There are some other very nice T/S resorts in the area, but I don't remember if they trade with II or RCI.

Discounts at its Inn.   The Playhouse is right down the hill.  RTafting and tubing on the Delaware will be too cold, but not fishing.  Use of both indoor pools, and the two gyms:

http://www.shawneeinn.com/default.aspx


----------



## cabocrazy (Sep 3, 2006)

Check our Willowbrook. It is the new 5 star at Split Rock.  You will have use of all the amenities at all Split Rock properties.


----------



## Princess Sunflower (Sep 3, 2006)

*Willowbrook*

We will be checking into Willowbrook next Sunday. This resort received the highest ratings from our members here than any other Pennsylvania resort the last time I checked. I also think it is the newest timeshare resort in the Poconos.


----------



## Timeshare Von (Sep 3, 2006)

*Split Rock - One Person's Biased View*



			
				cabocrazy said:
			
		

> Check our Willowbrook. It is the new 5 star at Split Rock.  You will have use of all the amenities at all Split Rock properties.

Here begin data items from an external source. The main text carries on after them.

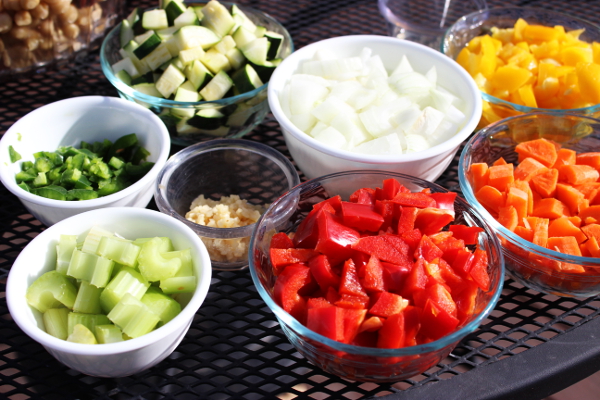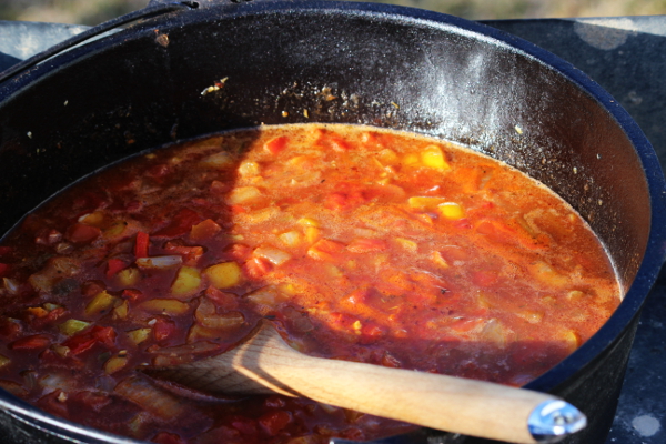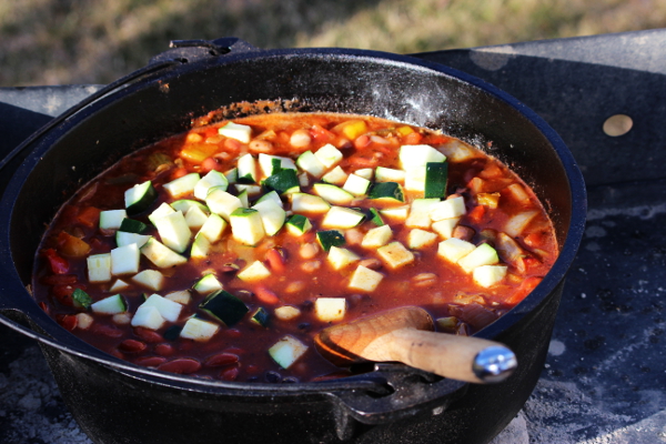 Recipes like this are fabulous for the Dutch oven, because of all the liquid, they are easy to do and are almost a set and forget. Other than putting the zucchini in towards the end, you can pretty much dump everything in, get it up to a boil, then let is slow simmer until all the veggies are done. Pretty easy for an outdoor dish.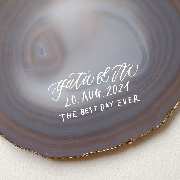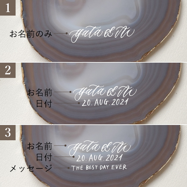 天然石にはひとつとして同じものはないので、カリグラフィーも加わり世界にひとつだけのオリジナルアイテムになります。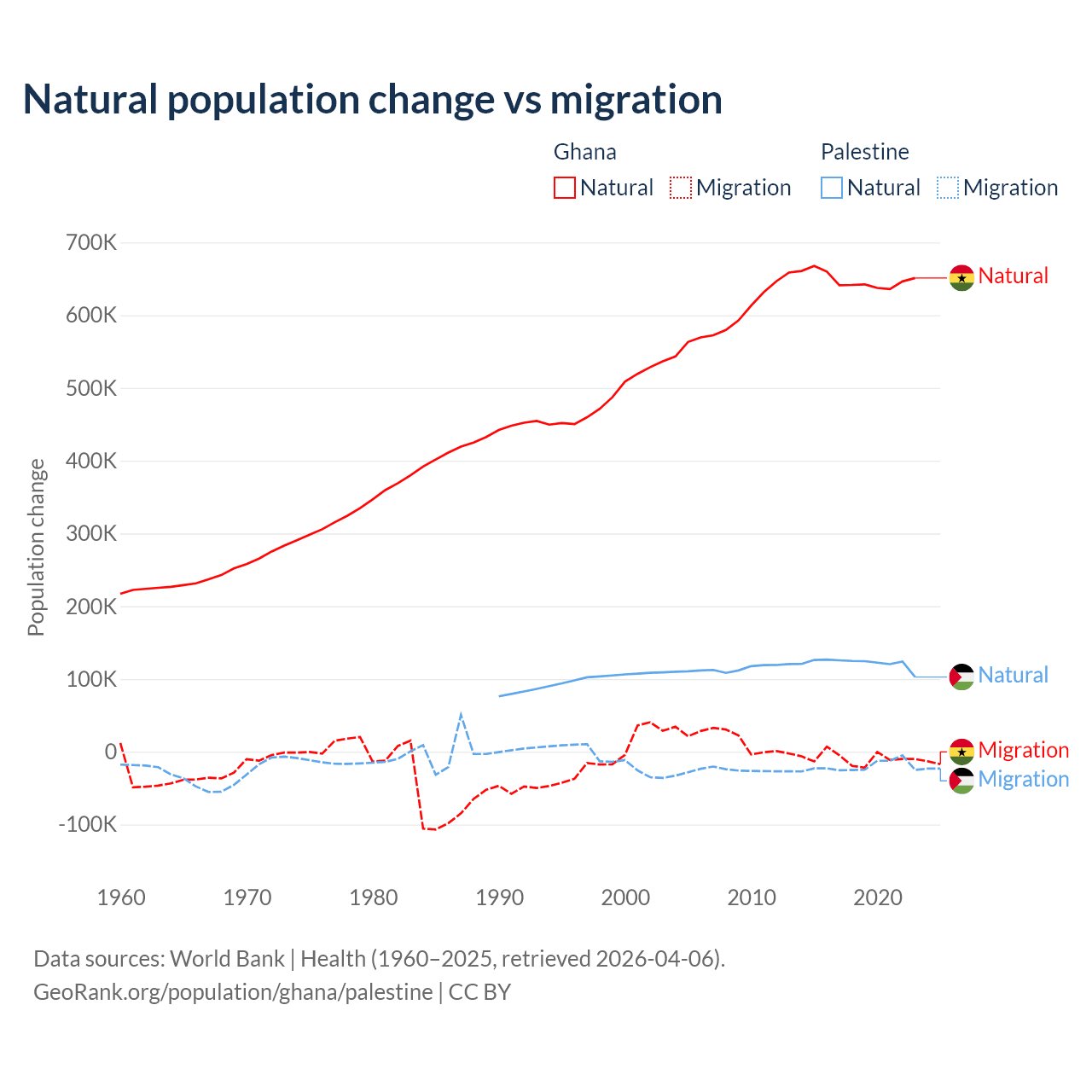 Over the last 10 years, 98.6% of the population change in Ghana is from natural causes (a gain of 6,484,449 people) and 1.37% is from migration (a loss of 90,310 people). In Palestine 85.7% is from natural causes (a gain of 1,218,010 people) and 14.3% is from migration (a loss of 202,820 people).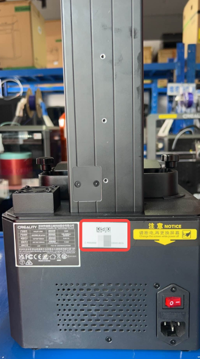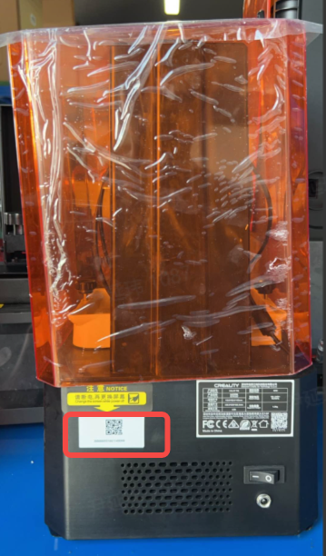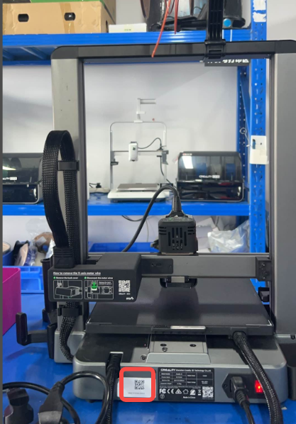 Check near the left side on the back of the machine base, where there's usually a white QR code sticker. The combination of numbers & letters at the bottom of the QR code sticker is the SN code (using Ender-3 V3KE as example)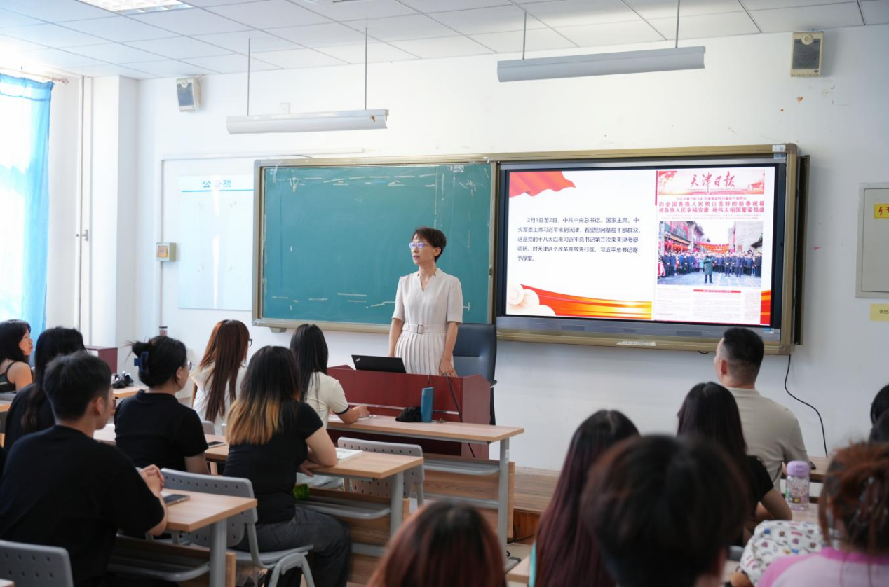 尹秀琴副校長以“牢記殷殷囑托 書寫天津發(fā)展美好華章”為題為同學們講授了一堂精彩的形勢政策課,重點圍繞習近平總書記視察天津重要講話精神和對天津工作提出的“四個善作善成”重要要求進行講授,勉勵同學們牢記習近平總書記殷切囑托,踐行“四個善作善成”重要要求,在未來的學習和實習工作中錘煉本領(lǐng)、提高能力,把個人理想融入國家發(fā)展的大格局中,為推進強國建設、?族復興偉業(yè)貢獻?春力量。

Is Willowbrook part of the Split Rock development or is it considered a stand alone resort "at" Split Rock?  The reason why I ask is that when I owned at Split Rock, I purchased a 20 yr RTU at Westwood Villas.  Later, after they built the Galleria, reservations for owners and RCI exchangers alike became interchangable with the two and frankly, the Galleria sucks!  When I wanted to stay at my home resort, I always made a special request for the Villas, since I felt that was what I bought and what I wanted to use.  The are far superior in construction quality and space provided.  The location "in the woods" versus the "hotel feel" of the Galleria was also a big plus in my opinion.  If you attempt to stay at Willowbrook, make sure that you are getting a Willowbrook unit.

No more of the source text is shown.